The Unapologetic Mathematician

Mathematics for the interested outsider

Equicontinuity, Convergence in Measure, and Convergence in Mean

First off we want to introduce another notion of continuity for set functions. We recall that a set function \nu on a class \mathcal{E} is continuous from above at \emptyset if for every decreasing sequence of sets E_n\in\mathcal{E} with \lim_nE_n=\emptyset we have \lim_n\nu(E_n)=0. If \{\nu_m\} is a sequence of set functions, then, we say the sequence is “equicontinuous from above at \emptyset” if for every sequence \{E_n\}\subseteq\mathcal{E} decreasing to \emptyset and for every \epsilon>0 there is some number N so that if n\geq N we have \lvert\nu_m(E_n)\rvert<\epsilon. It seems to me, at least, that this could also be called “uniformly continuous from above at \emptyset“, but I suppose equicontinuous is standard.

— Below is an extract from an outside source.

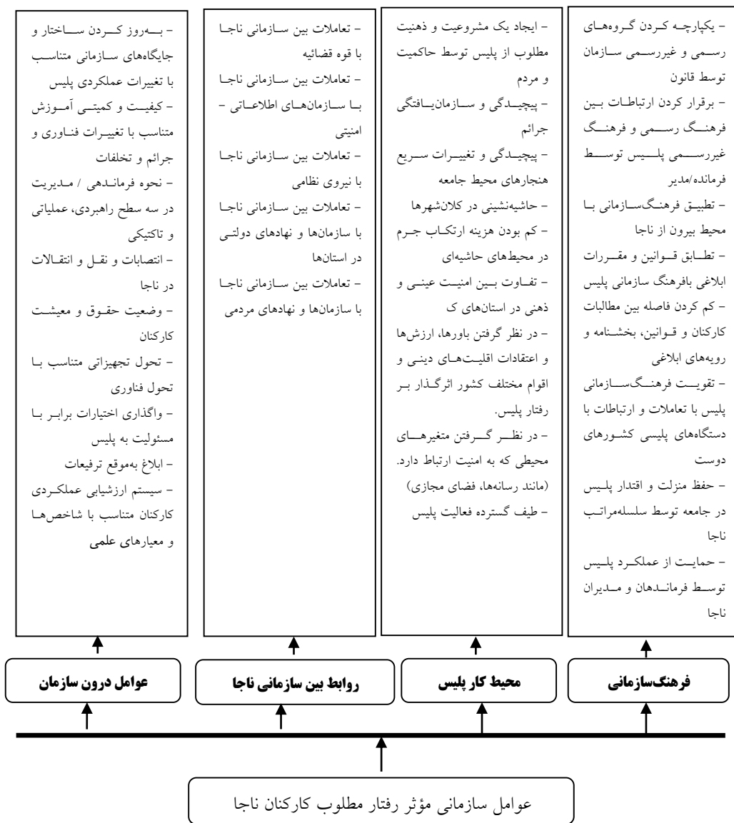
شکل ۲: چارچوب مفهومی

با نگرش به اطلاعات گردآوری شده در قالب مدارک (ادبیات تحقیق، اسناد و مدارک و مصاحبه با صاحب نظران)، چارچوب مفهومی عواملی سازمانی از نگاه محقق که بر رفتار مطلوب پلیس اثرگذار می باشد، در ۴ عامل و ۳۴ گویه شرح ذیل و برابر شکل ۲ ترسیم شده است.

Anyway, now we can characterize exactly how convergence in mean and measure differ from each other: a sequence \{f_n\} of integrable functions converges in the mean to an integrable function f if and only if \{f_n\} converges in measure to f and the indefinite integrals \nu_n of \lvert f_n\rvert are uniformly absolutely continuous and equicontinuous from above at \emptyset.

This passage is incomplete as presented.